I have been looking on ebay etc for a folder to replace my single speed compass which is a bit on the heavy side and a struggle on steep hills.

Decent bikes seem to go for more than I would pay for secondhand so I am looking at new.

On the one hand a 6 or 7 speed bike would be great but I remember how reliable the old sturmey archer 3 speeds were that I had years ago. Is the sturmey archer gear still as bomb proof as it was then?

The Dawes Kingpin and Dahon Vitesse are a couple I have earmarked as possibles.My main requirement is something fun to ride that doesnt get too skittish at speed. I am looking for not excessively heavy ,some gears for hills mudguards and rack would be good.

Any advice much appreciated especially from owners of specific bikes in that range.


----------



## Banjo (30 Jun 2012)

Decision made. Went to LBS they hads a Dahon Vitesse D7 in the shop. Went for a test ride ,loved it bought it 

Folds easy peasy, nice and light ,very stable ride.


----------



## Mr Haematocrit (26 Jul 2012)

Fantastic bikes the Dahon's and they seem to have become so cheap recently which is possibly due to the interest in Tern folders.
I just picked up the MuP8 model myself in the same colour as yours.




great bikes imho


----------



## Banjo (26 Jul 2012)

V for Vengedetta said:


> Fantastic bikes the Dahon's and they seem to have become so cheap recently which is possibly due to the interest in Tern folders.
> I just picked up the MuP8 model myself in the same colour as yours.
> 
> View attachment 11180
> ...


Im sure you will enjoy the MuP8. I have done a hundred or so miles on my Vittesse now and am really pleased with it.Slightly undergeared if anything ie you spin out quite early going downhill but great fun and feels very stable on the road unlike my old folder which could become a bit skittish at speed.


----------



## Mr Haematocrit (26 Jul 2012)

The MuP8 is eight speed but some of the models have an even larger range of gears, im looking into modifying it so I get this functionality, might even have a go at putting Di2 on it.


----------



## JC4LAB (27 Jul 2012)

May be take at look at the "AtoB" forum(atob.com) and The" Folding society" forums aslo

http://www.foldsoc.co.uk/tests.html


----------



## StuAff (27 Jul 2012)

V for Vengedetta said:


> The MuP8 is eight speed but some of the models have an even larger range of gears, im looking into modifying it so I get this functionality, might even have a go at putting Di2 on it.


By far the easiest way: SRAM DualDrive rear hub. 37% up/down increases in gearing.
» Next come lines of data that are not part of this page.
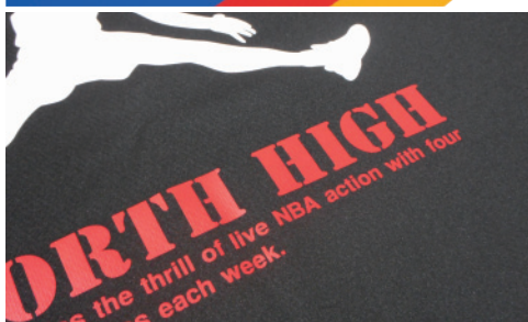
※メートル単価 A3換算 ¥246～
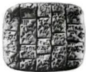
Глиняная клинопис- ная табличка.
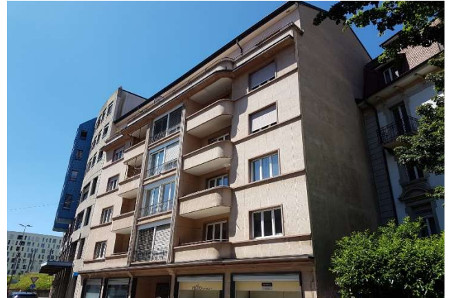
Fribourg FR, Rue Frédéric-Chaillet 6
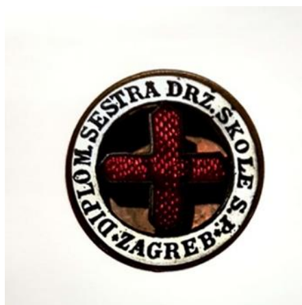
Slika 6. Broš diplomiranih sestara iz 1922. godine

Sastavni dio uniforme sestre bila je značka koja je sadržavala točno određene simbole i tekst koji je opisivao i potvrđivao status osobe koja ju nosi.
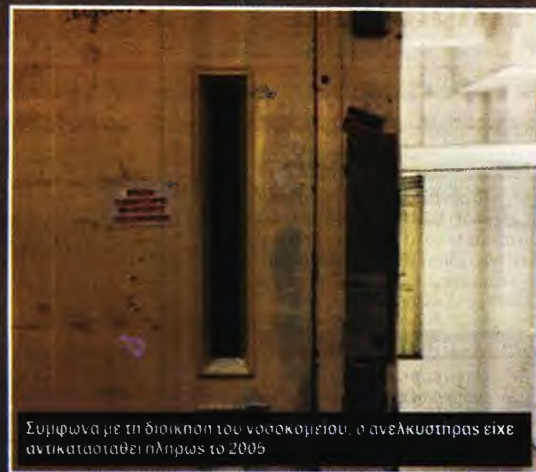
Σύμφωνα με τη διοίκηση του νοσοκομείου, ο ανελκυστήρας είχε αντικατασταθεί πλήρως το 2005
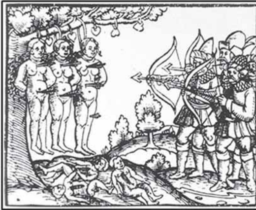
Гравюра XVI века. 1558–1583 гг. Moscovite atrocities in Livonia, XVI century. Зверства москвитов на территории Ливонии в XVI веке

государства, традиции, политика и стремления которого были настолько противоположны традициям, политике и стремлениям современной России, что последняя смогла утвердить свое существование лишь на его развалинах».
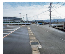
七尾中学校周辺の道路

その他の質問項目 ■里山里海の取り組み ■市内図書館の充実と存続 ■子育て支援強化策
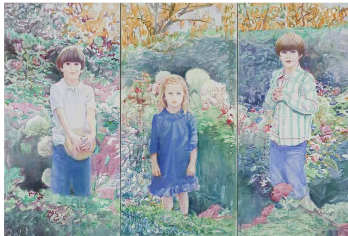
«3 enfants dans un jardin», Oil on canvas, 98x144 cm, 2010
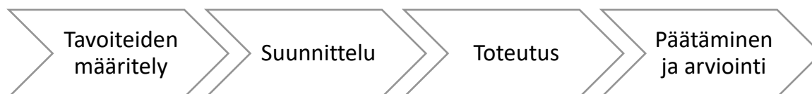
Kuvio 2: Salosen lineaarinen malli (Salonen, 2013)

Opinnäytetyö etenee lineaarisen mallin mukaan (kuvio 2). Salosen mukaan työssä edetään loogisessa järjestyksessä (Salonen ym 2017, 52). Toiminnallisessa opinnäytetyössä lineaarinen malli on useasti käytetty. (Salonen 2013, 15.)
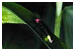
区の木「ドウダンツツジ」
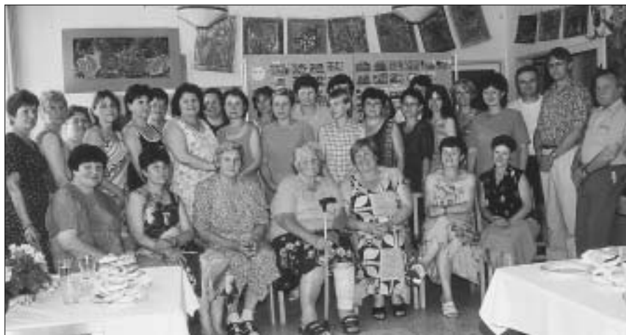
Na snímku účastníci setkání, které se konalo u příležitosti 25. výročí otevření Mateřské školy Zdice, Zahradní ulice.

Sokolovna měla ještě jeden zanedbatelný význam. Projektant velmi dobře pamatoval i na kulturní využití objektu realizací jeviště i přilehlých prostor, včetně balkonu. Od roku 1893 existoval ve Zdicích divadelní soubor Sokola, který měl od otevření budovy svůj důstojný stánek. Na prknech jeviště vystoupily divadelní soubory Palacký, DTJ, Sboru dobrovolných hasičů i Baráčeknické obce. V roce 1923 vznikl navíc při Obci sokolské dětský divadelní soubor, který až do roku 1948 hrál pro nejmenší pohádková
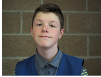
Félix Bernier Site Cégep
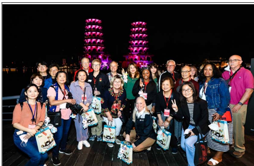
照片 8：本處邀請美國波特蘭市、日本熊本縣及熊本市、韓國水原市等 4 姊妹市及友好夥伴城市參與 2023 年高雄燈會
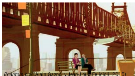
Phantom boy (Alain Gagnol y Jean-Loup Felicioli, 2015)
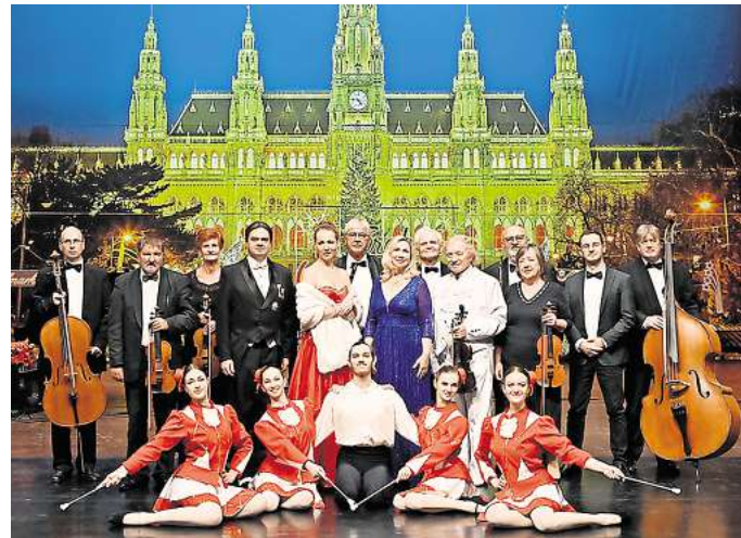
Eingängige Melodien und beschwingte Leichtigkeit: das Gala Sinfonieorchester Prag spielt Operetten-Klassiker.

Die Operette begeistert seit fast zwei Jahrhunderten mit ihren eingängigen Melodien und ihrer beschwingten Leichtigkeit. Mit kraftvoller Eleganz, romantischer Gefühlstiefe und einem authentischen Klangbild lassen die Musiker des Gala Sin-
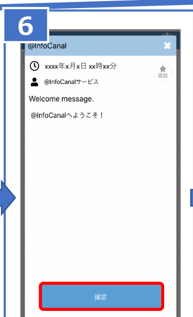
⑥「Welcome message.」が届いたら、「確認」をタップ。
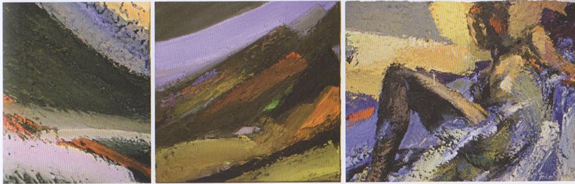
Foke Stribos: Schepping en herschepping, 1994 (90 x 70 cm; 90 x 90 cm en 90 x 120 cm)

al meer. Een baan met water vloeit door het beeld. Het is alsof de grond beweegt en nieuwe vormen bezig zijn te ontstaan. Er ontluikt groen en de aarde lijkt in verwachting van een menselijke vorm.
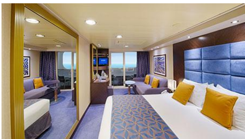
ห้องมีระเบียง Balcony
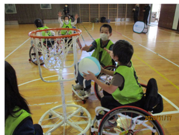
長野県民障害者スポーツプロジェクト
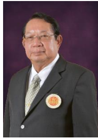
ดร.ชาญเวช บุญประเดิม นายกสภาสถาบันการอาชีวศึกษาภาคกลาง 2
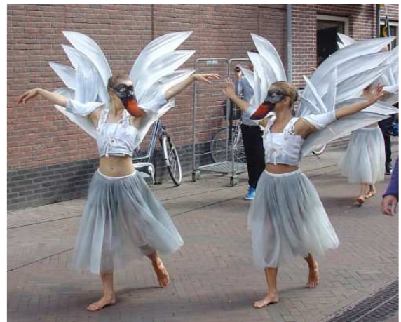
Op weg naar het podium
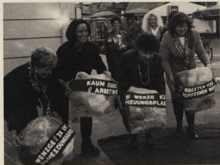
Ministrice Helga Konrad pri dviganju »kamna spotike«

Socialdemokratske žene, na čelu ministrice Helga Konrad in predsednica koroških socialdemokratskih žena Melitta Trunk, sta v okviru cestne akcije na Novem trgu opozorile javnost, da morajo žene odstraniti še številne »kamne spotike« na poti do dejanske enakopravnosti žensk v Evropi. Ministrice Konrad je napovedala, da se bodo žene še naprej aktivno vmešavale v politiko z raznimi zahteva-
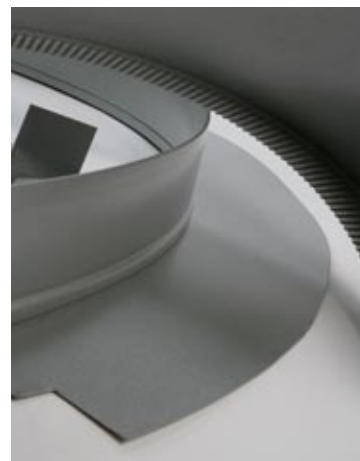
Vi är specialister på unika lösningar i plåt.

Med Plannja Steinwalls som samarbetspartner förenklas både byggprocessen och affärsprocessen.
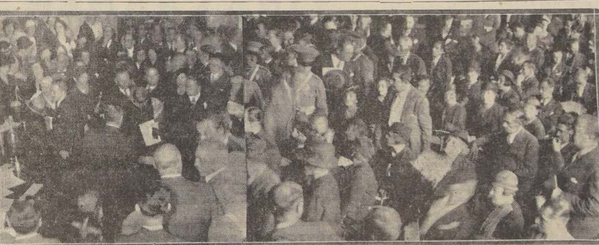
Aspecto que ofrecía la sala municipal, durante el acto de constitución del Colegio Escrutador Departamental
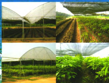
现代化种苗生产示范基地
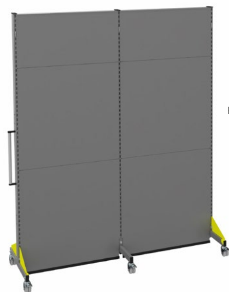
Paroi mobile acoustique
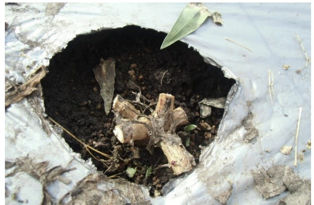
写真6 越冬株の台刈り
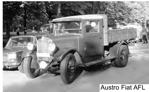
Austro Fiat AFL

die Bezirke Brigittenau und Leopoldstadt mit Durchfahrtskontrollen und Sonderprüfungen. Das Ziel der ersten Etappe war wieder in der Prater Hauptallee.
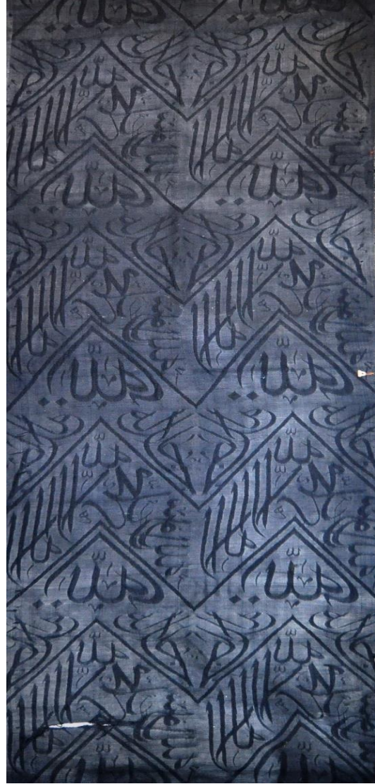
Fotoğraf: 7. 4.5.40 Envanter Numaralı Kisve-i Şerif örtüsü.
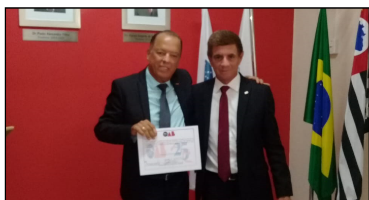
Comissão de Ética e Disciplina
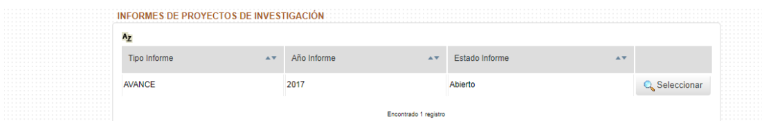
Imagen 5: Informe de avance habilitado para la carga.

En primer lugar, seleccione el Informe de Avance/Final que desea cargar. A continuación, se mostrarán una serie de secciones, que deberá completar una por una.
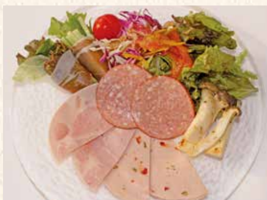
気まぐれソーセージサラダ 900円
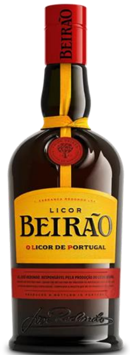
BEIRÃO 22° CL 70

Una doppia distillazione in alambicchi di rame e la combinazione di tredici erbe aromatiche, semi e spezie accuratamente selezionati, il Licor Beirão è il distillato n.1 in Portogallo e presente in oltre 40 Paesi. Un Liquore deliziosamente dolce e piacevole, molto apprezzato dalle donne e da coloro che preferiscono bevute facili. Ideale per cocktail semplici ma sorprendenti.
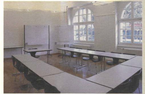
■ Eine Kursgruppe der Intensivweiterbildung an ihrem Planungstag ■
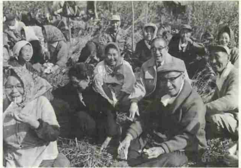
写真は、お年寄りの健康と生きがいづくりとして、昨年実施した老人農園のひとこま。今年度はさらにゆとりのある憩いの場とするほか、栽培品種もふやして実施します。
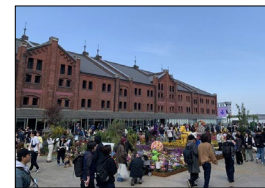
【民間事業者によるイベント（赤レンガ倉庫）】
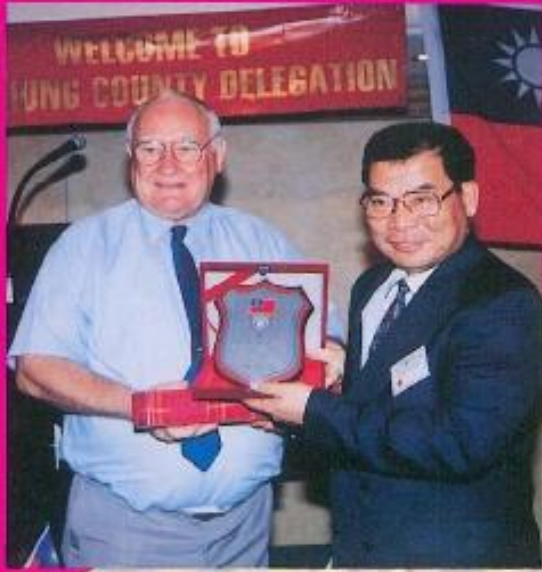
· 吳議長與凱英斯市長對於促進兩國友好關係貢獻良多。
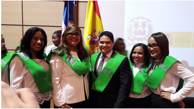
Clausura alumnas MESCYT

Madrid, España.-La Escuela de Organización Industrial (EOI), en colaboración con el Ministerio de Educación Superior, Ciencia y Tecnología de República Dominicana (MESCYT), convoca 300 becas de exención de matrícula dirigidas a profesionales dominicanos para cursar programas máster. Especializados en distintas materias, estos están orientados al desarrollo nacional y a la competitividad de los sectores productivos y de servicios de República Dominicana.
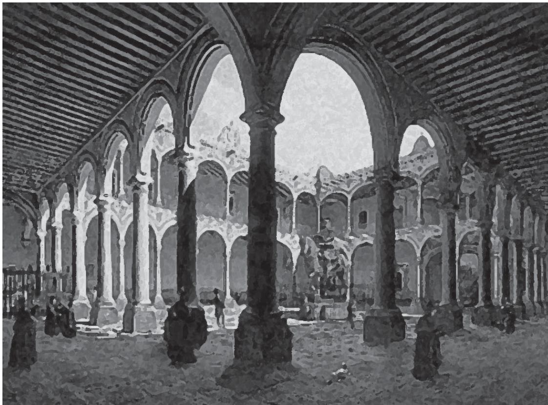
Interior de la Universidad/ Pedro Waldi / siglo XIX / óleo sobre tela / 57x41.2cm.

Si bien es cierto que la Universidad se le reconoció personalidad en el año de 1553, mismo año que en distintos puntos de la Ciudad de México iniciaran los cursos, pasarían años para que la Universidad encontrara un lugar propio “frente a la antigua Plaza de El Volador y fue el 29 de junio de 1584, cuando el arzobispo y visitador de la Universidad Pedro Moya de Contreras puso la primera piedra. Aún sin haberse terminado el edificio —por falta de fondos— se iniciaron las clases en noviembre de 1592. Y el edificio quedó terminado totalmente en 1631” 6 .
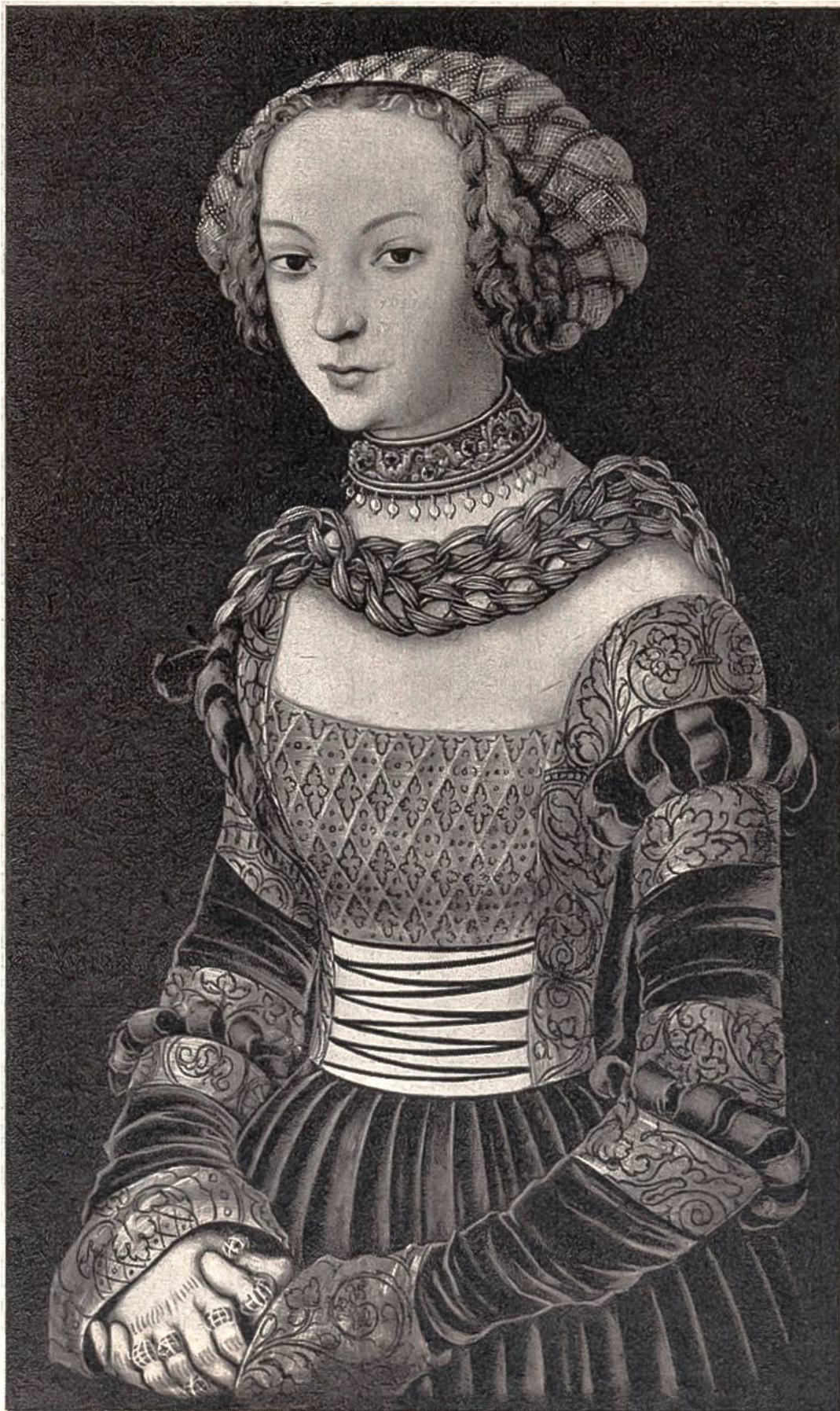
Porträt einer jungen Dame, von Lucas Cranach dem Älteren, Weimar, 1472–1553. (Kunstmuseum, Kopenhagen.)
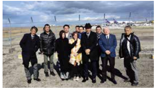
大迫力の飛行機のエンジン音でした

24時間空港のメリットを活かし、国内有数の貨物取扱量を誇る国際貨物地区など普段立ち入る事ができないエリアを見学出来ました。さらに滑走路横でバスを横付けし、迫力ある飛行機の着陸見学、ターミナル内では、訪日外国人観光客等による想像を超える盛況に「特別な体験が出来た」と参加者全員が述べていました。
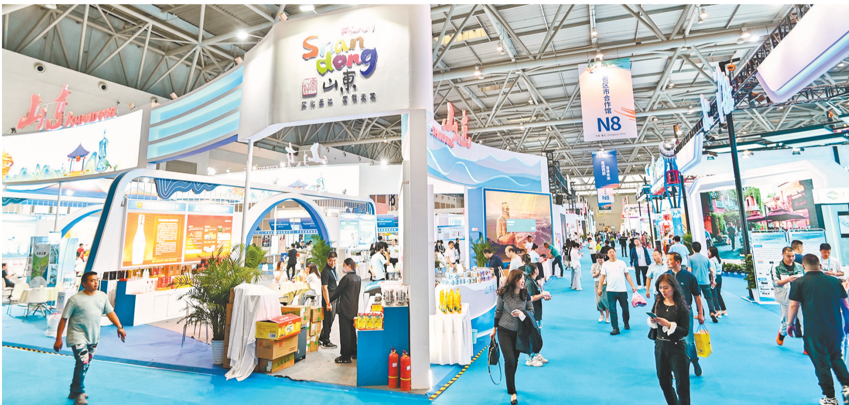
▲5月19日,重庆国博中心,众多市民和参会人员正在N8省区市合作馆参观。
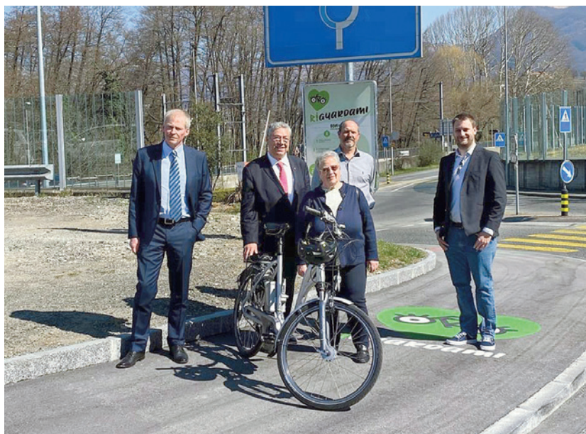
Un momento dell’inaugurazione ufficiale della ciclopedonale a Viglio

Il nuovo tracciato mette in sicurezza, con una barriera fisica, i ciclisti e i pedoni rispetto al traffico motorizzato, ciò che garantisce una maggiore sicurezza ai ciclisti in transito in quanto, in precedenza, il percorso ciclabile era incluso nella carreggiata stradale.

Double chainring would work, but won't give you the same range (and for the same top end, you'd need extra-large rings which would cause problems with front shifter setup).


----------



## seadragonpisces (28 Jul 2012)

Plenty to choose from, Dawes, etc, of course the Dahons can be had from Halfords and many other site, they dont make the expensive Dahon's now, they are now owned by Tern (corporate battle so I am told). I saw the Orbea site and theirs look pretty cool.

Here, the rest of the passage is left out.